■ **Problem to work on**
Write out exactly, with both ends included, the lines that run from the line containing "Если фрикционные Pin-Up" to the end of the entries. Pictures are not part of the answer.

Dataset excerpts:
##########
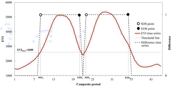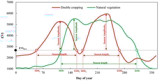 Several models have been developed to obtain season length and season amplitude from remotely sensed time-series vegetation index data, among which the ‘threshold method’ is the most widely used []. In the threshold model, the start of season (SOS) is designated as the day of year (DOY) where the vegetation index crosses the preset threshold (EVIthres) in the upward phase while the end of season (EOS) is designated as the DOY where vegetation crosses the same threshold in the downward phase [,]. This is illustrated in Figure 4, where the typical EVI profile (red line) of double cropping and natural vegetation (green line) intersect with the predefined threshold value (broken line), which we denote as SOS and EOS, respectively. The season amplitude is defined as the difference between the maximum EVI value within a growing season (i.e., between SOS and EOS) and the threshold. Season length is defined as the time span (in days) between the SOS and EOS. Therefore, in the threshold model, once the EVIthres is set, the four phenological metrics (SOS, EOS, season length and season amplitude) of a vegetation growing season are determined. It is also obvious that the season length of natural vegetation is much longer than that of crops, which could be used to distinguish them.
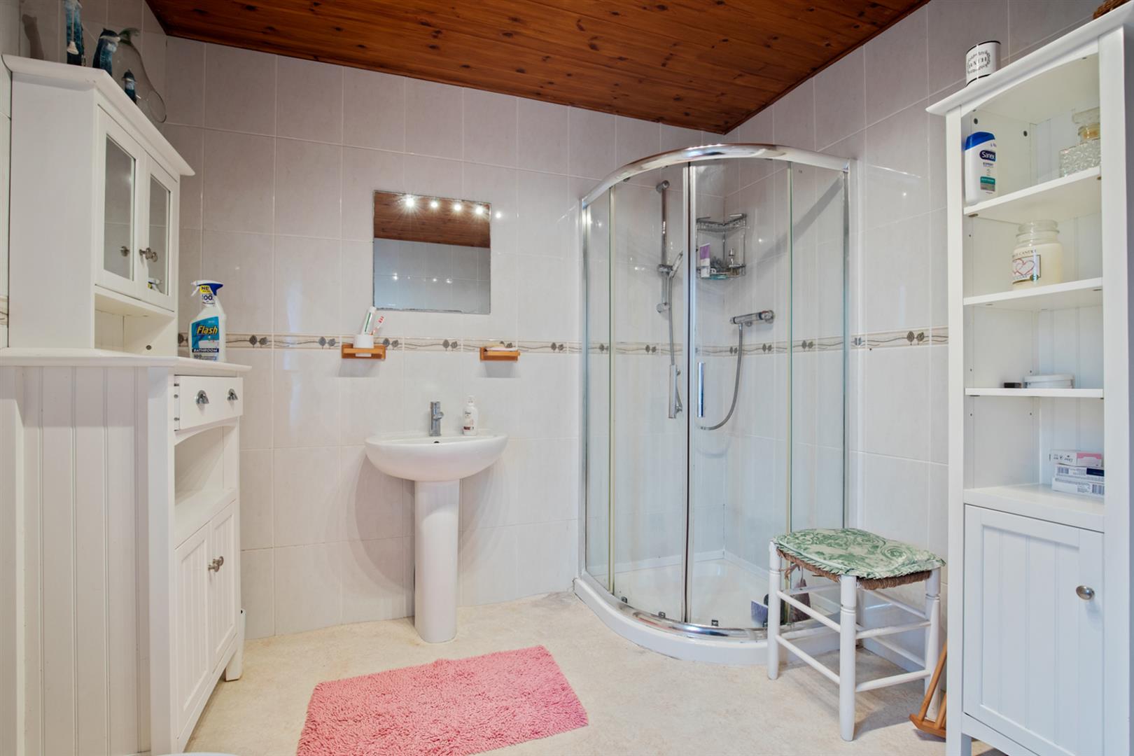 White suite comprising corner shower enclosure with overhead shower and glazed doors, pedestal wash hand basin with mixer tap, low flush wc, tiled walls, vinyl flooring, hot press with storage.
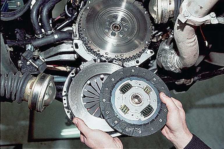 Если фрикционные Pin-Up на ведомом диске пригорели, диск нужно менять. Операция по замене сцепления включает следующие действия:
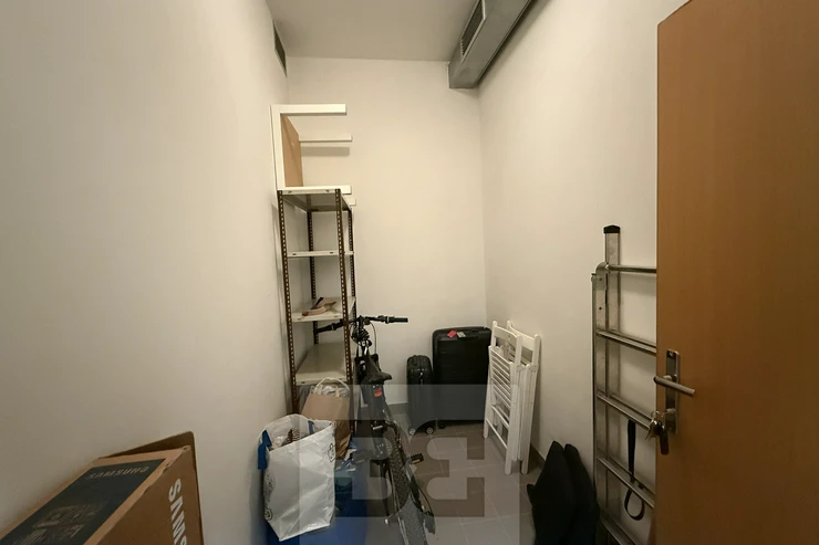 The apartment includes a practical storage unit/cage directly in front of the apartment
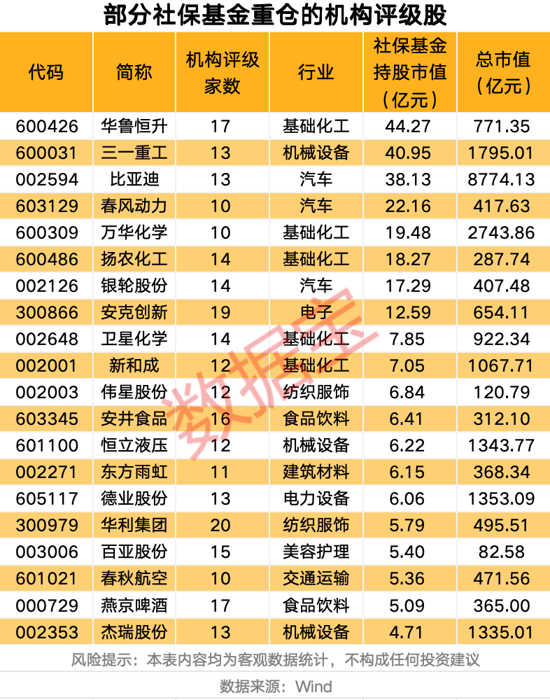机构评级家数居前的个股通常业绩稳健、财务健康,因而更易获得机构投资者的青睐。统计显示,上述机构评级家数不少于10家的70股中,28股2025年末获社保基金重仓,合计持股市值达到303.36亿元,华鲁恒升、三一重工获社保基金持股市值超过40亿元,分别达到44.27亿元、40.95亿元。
##########
■ **Solution to this exercise**
 Если фрикционные Pin-Up на ведомом диске пригорели, диск нужно менять. Операция по замене сцепления включает следующие действия:
 The apartment includes a practical storage unit/cage directly in front of the apartment
机构评级家数居前的个股通常业绩稳健、财务健康,因而更易获得机构投资者的青睐。统计显示,上述机构评级家数不少于10家的70股中,28股2025年末获社保基金重仓,合计持股市值达到303.36亿元,华鲁恒升、三一重工获社保基金持股市值超过40亿元,分别达到44.27亿元、40.95亿元。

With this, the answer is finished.